Has Ireland been culturally enriched by its new wealth? To return to Roy Foster’s Luck and the Irish, his chapter on culture certainly suggests so. The flourishing of Irish novelists, symbolised by numerous Booker prize wins, the popularity of Irish bands, and even Irish dancing (suitably jazzed up by Michael Flatley et al) suggests yes. The self-confidence of the place does the same. Yet Murphy is partly right too. Certainly he is correct on the criminal culture, and the explosion in drug use among the middle classes that fuels much of it. The cultural life of the ordinary person has probably been expanded by easier travel and wealth, but the Irish language certainly has not benefited, and the sense of community and solidarity has in many places been destroyed by individualism and shallow materialism reflected best in the Sunday Independent. Murphy’s critique then is a patriotic one, but it should not be mistaken for narrow nationalism of the type found in Desmond Fennell’s writings or that fuels anti-immigration hysteria elsewhere in Europe, and has the potential to raise its head in Ireland, and which may well have had a significant part to play in the very welcome rejection of the Lisbon Treaty.
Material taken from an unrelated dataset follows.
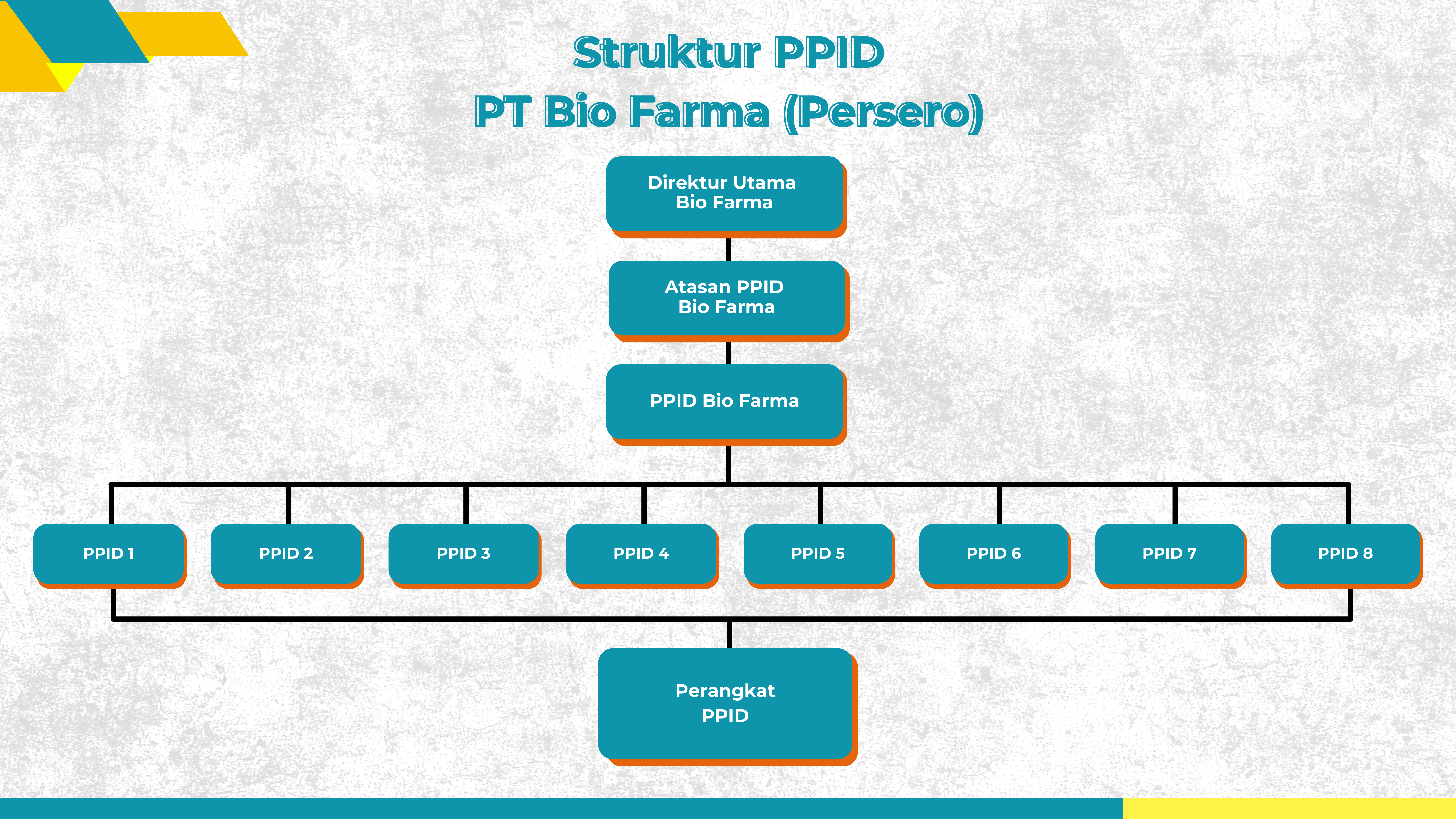 Bio Farma memiliki 1 Pedoman #:SM-S16.3 mengenai Akses Informasi Publik dan 1 Prosedur baku Dok.# : 216K - TKDPIP mengenai Tata Kelola dan Pelayanan Informasi Publik. Perangkat KIP tersebut untuk mengatur pengelolaan dan Aliran Informasi publik yang disediakan oleh Bio Farma kepada Pemohon Informasi Publik. Bio Farma Menetapkan dan menunjuk Sekretaris Perusahaan dan Kepala Bagian Komunikasi Perusahaan sebagai Pejabat Pengelola Informasi dan Dokumentasi (PPID).

The environmental and cultural questions Murphy raised should be at the centre of the debate of where we go from here. And yet, while it is easy to produce critiques of what is wrong, it is much harder to find solutions. Of course, we shouldn’t expect them in 750 words from a columnist, but we can and should expect them from the left, which must now mount a sustained attack on the greed, corruption, crass materialism, arrogance, recklessness, and short-term profiteering that has wasted such a glorious opportunity, and done so much damage to the fabric and culture of Irish society. We don’t have to agree with everything Murphy says to agree with his final sentence, a lament: “It all could have been managed so much better.”